После «Ночного принца» в области иллюстрации Добужинский долгие годы, вплоть до 1917 года, не создавал ничего подобного не только в смысле удачности, но и в отношении значительности задания. Главные свои силы за это время художник отдает декорационной живописи. В своих работах для театра он в сущности так же — это заметил уже цитированный нами Н. Н. Врангель — «иллюстрирует» замыслы писателя. Эскизы декораций к «Месяцу в деревне» могли бы быть с большим успехом помещены среди текста пьесы, понимание которой они бы существенно дополнили. Характерно, что, с увлечением работая над этой постановкой для Художественного театра, Добужинский в 1910 году не только выполнил ряд портретов актеров в их ролях, но и сделал на мотивы Тургенева серию рисунков, а затем и виньеток. Всего, что на них изображено, нет в пьесе, но это могло быть, это было, и, быть может, подобные вольные парафразы — лучшие темы для книжных украшений. Точно так же и некоторые эскизы к постановке «Николая Ставрогина» воспринимаются определенно как иллюстрации к «Бесам».

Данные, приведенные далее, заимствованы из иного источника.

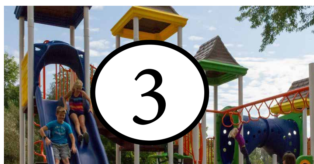
Enhance & Improved Playground
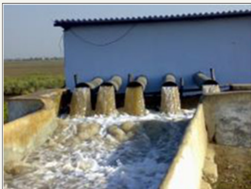
Figure 5: A farm showing pumping efficiency.
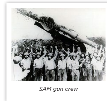
SAM gun crew

As North Vietnamese air defenses strengthened, casualties to U.S. FAC patrols increased and, as a result, the southbound movements of enemy supply trucks and troops became less observed and constrained. It became imperative for American military strategists to implement a new method of air-reconnaissance over Vietnam’s artillery-infested landscape.
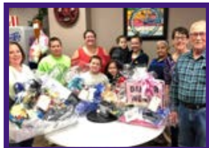
Basket winners during Oregon Together's Chocolate Walk.
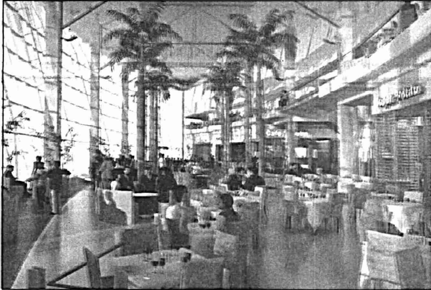
Lindbergh Field's Terminal 2 will offer six more security lines and an expanded concession area.
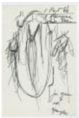
Long-Sleeved Spangled Dress (KA0035_000068)
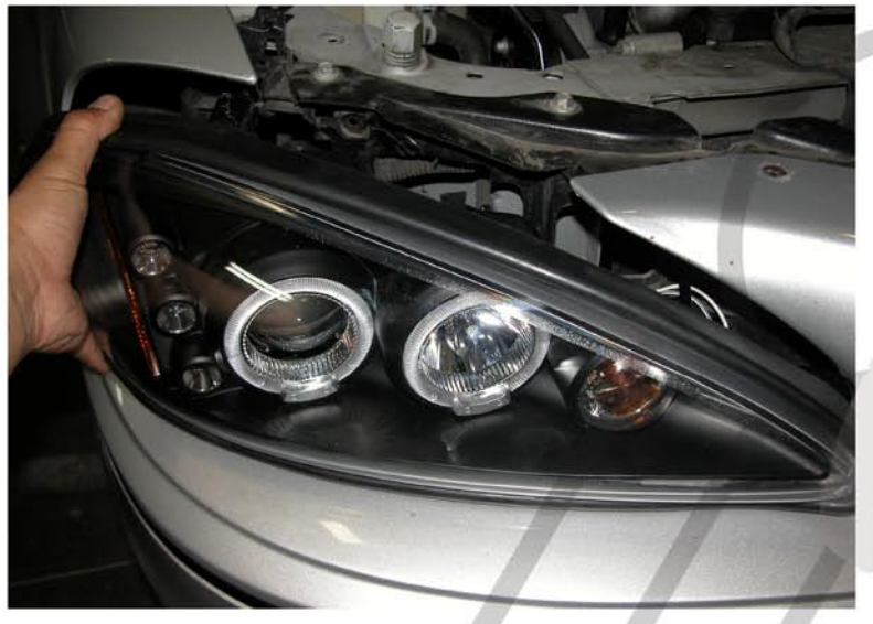
19. Gently install the headlight to its original spot
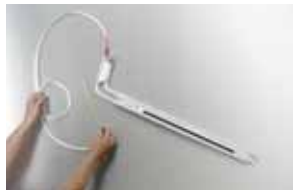
Model 1227 mounted in incline position.

Series 1227 Manometer, Most versatile and useful low cost manometer we know of. Designed for installation and servicemen. A sturdy, clear plastic manometer, it offers single, direct readings in two ranges: As a U-tube, it reads from 0 to 16" of water; as an inclined gage, it reads from -.20 to 0 to 2.6" of water. Model 1227M (Metric) is 0 - 400mm water column as a U-tube and -5 to 0 to 70mm water column as an inclined gage. "How-to-use" instructions are printed directly on the scale.
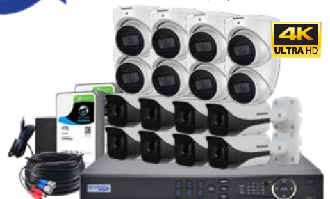
CVRKIT-P1688F (16CH DVR, 8TB HDD)
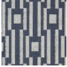
0615-01 OSIER - ARDOISE
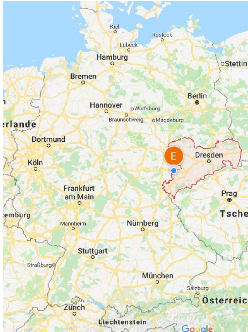
Figure 2. Graphic Location Saxony in Germany
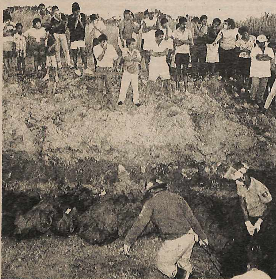
Panamanian civilians killed during the U.S. invasion are buried in mass graves.
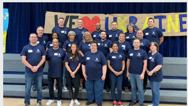
AmTrust team members ran a successful fundraiser for Ukraine in 2022.

AmTrust’s Corporate Governance program is supported by our Enterprise Risk Management, Information Risk Management and Internal Audit departments. We maintain well-defined policies and procedures across the organization. We actively address cyber risk through global employee security awareness training, penetration testing and remediation, advanced application layer firewalls, email protection, vulnerability scanning, and endpoint detection and response mechanisms.
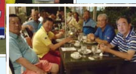
BBQ dinner at Batam View Resort
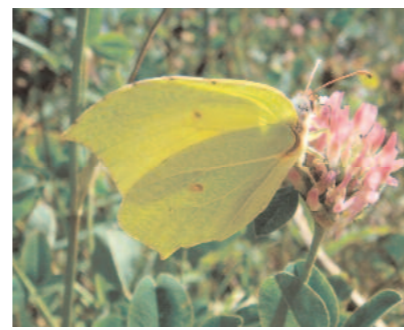
Brimstone ( Genepteryx rhamni )

Иллюстрация к «Свинопасу» Андерсена

Так же усердно, как и для театра, художник работает в области книжной графики, но преимущественно орнаментальной. Иллюстрации же рисует редко. Кое-какие из них разбросаны по разным изданиям, кое-что осталось не опубликованным (рисунки 1913 г. к стихотворениям Лермонтова). Что же касается «Казначейши», выпущенной Кружком любителей изящных изданий в 1914 г. (подготовлена в 1913 г.), то и здесь Добужинский преимущественно декоратор этой прекрасно «сделанной» книги. Особенно хороши надписи и узоры на обложке; но из всего, что есть в ней, нас сейчас интересует небольшое изображение возлежащего в халате гусара, перед которым в облаках дыма носится образ обнаженной красавицы. В этом рисуночке — вся поэма Лермонтова. Менее удачен фронтиспис в красках (сцена рокового проигрыша казначея). Имеются еще два рисунка в тексте, из которых второй играет роль концовки и, повторяя тему предпоследней строфы (гусар уносит казначейшу среди предутренней тишины провинциального города), выразительно завершает текст.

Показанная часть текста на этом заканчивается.